Hi macmonkey, I haven't seen any follow-up posts from you regarding some of the questions posed so I'm just going by your original post.

It sounds to me like her aversion to Christmas and Halloween are due to her past, not to her being a Christian.

She says it's her beliefs but her pastor tells her it's ok yet she still avoids them.

Perhaps the past 8 years of Halloween and Christmas she has dreaded and just couldn't tell you?

I hope all is well.


----------



## Tanelornpete

I would think just referring to Scripture would give an answer that could avoid all the confusion:

Romans 14:

"...Receive one who is weak in the faith, but not to disputes over doubtful things. For one believes he may eat all things, but he who is weak eats only vegetables. Let not him who eats despise him who does not eat, and let not him who does not eat judge him who eats; for God has received him. Who are you to judge another’s servant? To his own master he stands or falls. Indeed, he will be made to stand, for God is able to make him stand.

One person esteems one day above another; another esteems every day alike. Let each be fully convinced in his own mind. He who observes the day, observes it to the Lord; and he who does not observe the day, to the Lord he does not observe it.
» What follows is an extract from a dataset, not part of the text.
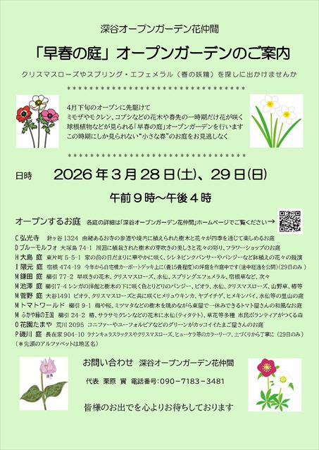 「早春の庭」オープンガーデンを開催します 4月、5月のオープンガーデンに先駆けて、クリスマスローズや可憐な球根花、早咲きの花木などを楽しんでいただける「早春の庭」オープンガーデンを11軒が公開します。皆様のお出でを心よりお待ちしております。 とき 3月28日(土)、29日(日)午前9時~午後4時 問い合わせ 深谷オープンガーデン花仲間 代表 栗原 實 090-7183-3481 ※自家用車でお越しの際は、交通ルールを守り、近所に迷惑が掛からないようお願いします。

He who eats, eats to the Lord, for he gives God thanks; and he who does not eat, to the Lord he does not eat, and gives God thanks. For none of us lives to himself, and no one dies to himself. For if we live, we live to the Lord; and if we die, we die to the Lord. Therefore, whether we live or die, we are the Lord’s. For to this end Christ died and rose and lived again, that He might be Lord of both the dead and the living. But why do you judge your brother? Or why do you show contempt for your brother? For we shall all stand before the judgment seat of Christ. For it is written:

“ As I live, says the LORD,
Every knee shall bow to Me,
And every tongue shall confess to God.”​
So then each of us shall give account of himself to God. Therefore let us not judge one another anymore, but rather resolve this, not to put a stumbling block or a cause to fall in our brother’s way.

I know and am convinced by the Lord Jesus that there is nothing unclean of itself; but to him who considers anything to be unclean, to him it is unclean. Yet if your brother is grieved because of your food, you are no longer walking in love. Do not destroy with your food the one for whom Christ died. Therefore do not let your good be spoken of as evil; for the kingdom of God is not eating and drinking, but righteousness and peace and joy in the Holy Spirit. For he who serves Christ in these things is acceptable to God and approved by men.

Therefore let us pursue the things which make for peace and the things by which one may edify another. Do not destroy the work of God for the sake of food. All things indeed are pure, but it is evil for the man who eats with offense. It is good neither to eat meat nor drink wine nor do anything by which your brother stumbles or is offended or is made weak. Do you have faith? Have it to yourself before God. Happy is he who does not condemn himself in what he approves. But he who doubts is condemned if he eats, because he does not eat from faith; for whatever is not from faith is sin...."​
If anything can be deduced from this - I'd say that your wife's conscience is at a place where participating in Halloween and Christmas are harmful to her. Paul has an answer to that...


Be careful, however, that the exercise of your rights does not become a stumbling block to the weak. For if someone with a weak conscience sees you, with all your knowledge, eating in an idol’s temple, won’t that person be emboldened to eat what is sacrificed to idols? So this weak brother or sister, for whom Christ died, is destroyed by your knowledge. When you sin against them in this way and wound their weak conscience, you sin against Christ. Therefore, if what I eat causes my brother or sister to fall into sin, I will never eat meat again, so that I will not cause them to fall. (1 Corinthians 8:9-13)​



_Romans 12:2: 2 Do not conform to the pattern of this world, but be transformed by the renewing of your mind. Then you will be able to test and approve what God’s will is—his good, pleasing and perfect will. _


----------



## macmonkey

So here we are 2 years later. I was convinced that most of this baggage was behind us. We've got our first child on the way (Due Jan 2013) and here comes the nutjob spiritual doctrines back into our marriage. 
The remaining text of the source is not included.